*** Opening Material for this task ***

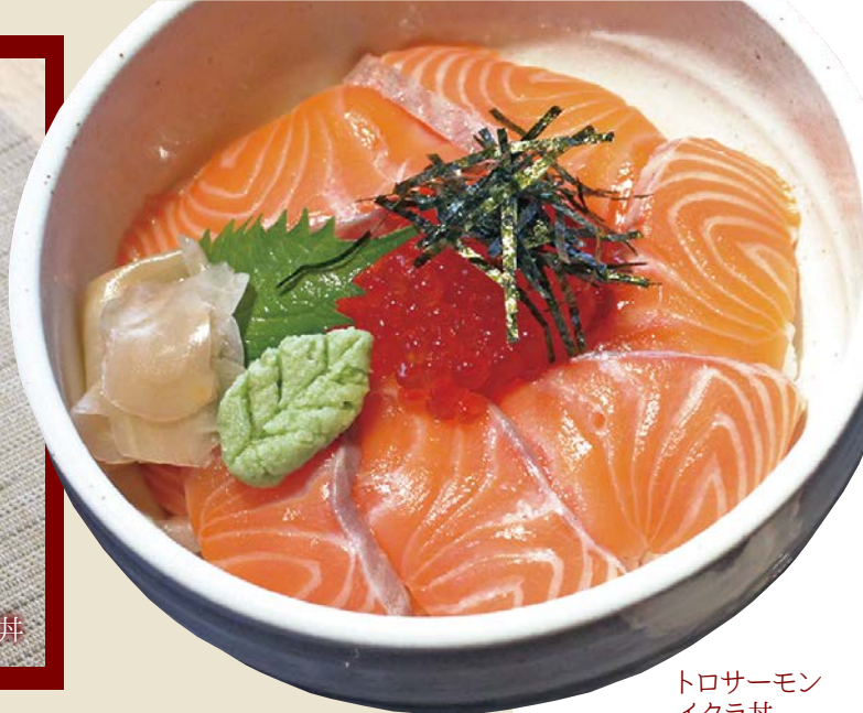
トロサーモン イクラ丼
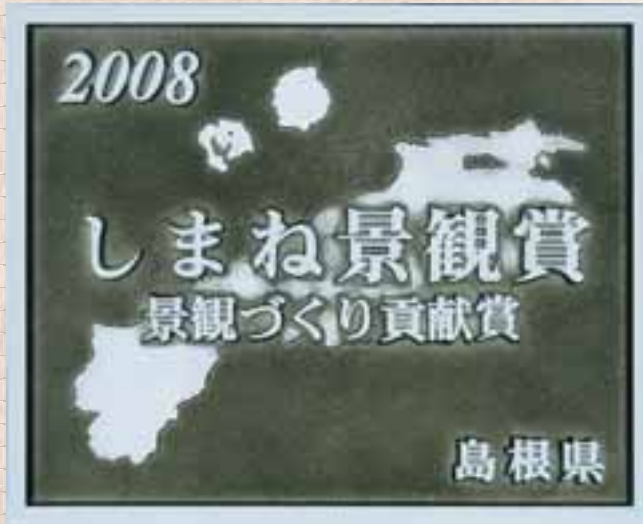
しまね景観賞表彰銘板
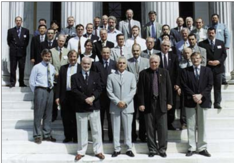
Os participantes na 13.ª Reunião do CHRIS

O NRP Auriga esteve em reparação no Arsenal do Alfeite de Novembro de 2000 a Julho de 2001, efectuando a revisão programada PRO6.
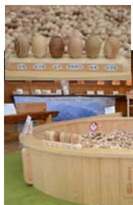
プールの中には卵の形をした 木が入っています
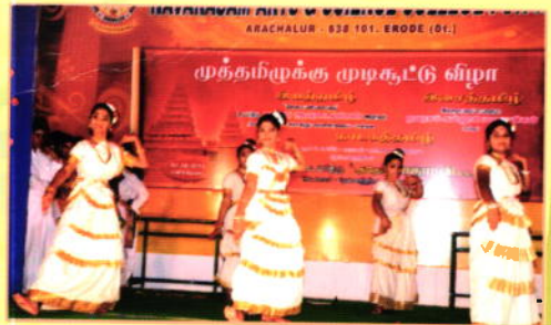
Fine Arts students staging the performance of Mohini Attam
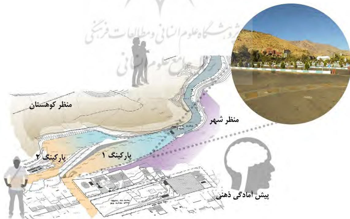
تصویر ۴: ادراک در مرحله یک، پیش‌آمادگی ذهنی.

در انتهای خیابان ولنجک مسیر پیاده بام تهران از پارکینگ شروع می‌شود. مخاطب در این مسیر از ورودی تا ابتدای پیاده‌راه سلامت به یک ادراک کلی از فضای بین شهر و طبیعت می‌رسد. این فضا همچون فضایی میان‌دار و مرز بین شهر و طبیعت است. مخاطب به تدریج از شهر دور شده و پا به عرصه طبیعت می‌گذارد. در واقع مخاطب با یک پیش‌آمادگی ذهنی به سمت مسیر پیش می‌رود. در این مرحله ادراک به صورت شناخت کلی فضا، هندسه فضا و دریافت کلیات است (تصویر ۴).
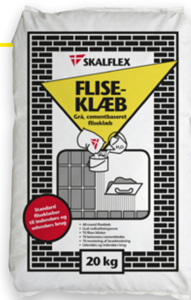
20 kg, DB-nr: 1935011
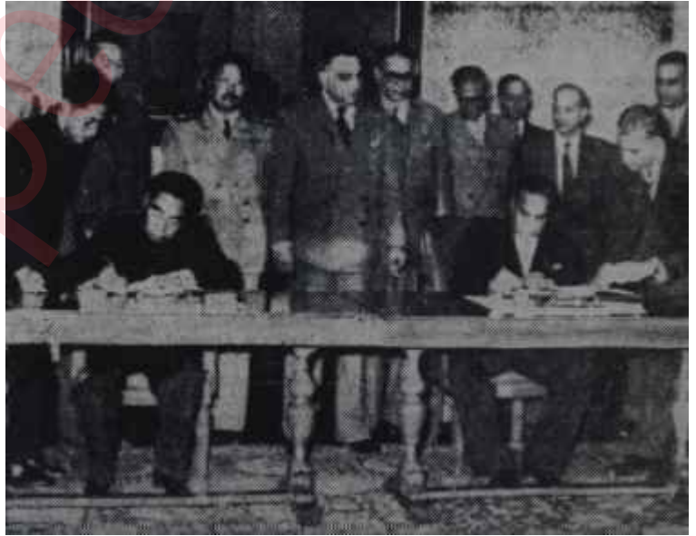
Chou En-lai Pakistanda Sahravardi ile müşterek tebliği imzalıyor Nehru'nun eteğine yapışan kıza

Siyasî partiler Sukarno'yu destekliyorlardı. Sumatradaki ayaklanma üzerine 8 siyasî parti, "askerî bir hükümet darbesinin önlenmesi ve demokrasinin muhafazan" hakkında müşterek bir tebliğ neşrettiler. Tabii korunacak olan bir Asya demokrasiydi. Siyasî şefler herşeyden önce keselerini doldurmakla meşguldüler. Bir ihtilâl dâvasına adı karışan Dış İşleri Bakanı Abdülğani, ordunun müdahalesine rağmen, mevkiinden uzaklaştırılmamıştı. Sansür memleket dışına haber sızmasına mani oluyordu. İsyân bastırılmıştı ama, huzursuzluğun devam ettiği muhakkaktı. Rezaletlerin ve nüfuz ticaretinin kaide okluğu bir memlekette, bunun başka türlü olması beklene- mezdi. İktisadî kalkınma teraneleri altında, "Yiyin efendiler, yiyin; ta hânı iştiha sizin" prensibini, Endonezyalı liderler canı gönülden benimsemişlerdi. Fakat halle ne kadar cahil, sansür ne kadar kuvvetli olursa olsun ta prensibin yaşama şansı ancak bir şekilde mümkündü: Huzursuzluğu zorbalıkla bastırmak.. Sukarno ve şürekâsının yaptığı da buydu.

*** Closing Material for this task ***

[What the exercise asks]: If a line in the entries holds the string "تصویر", it belongs in the tally; state the tally alone.

[Reply to the exercise]: 2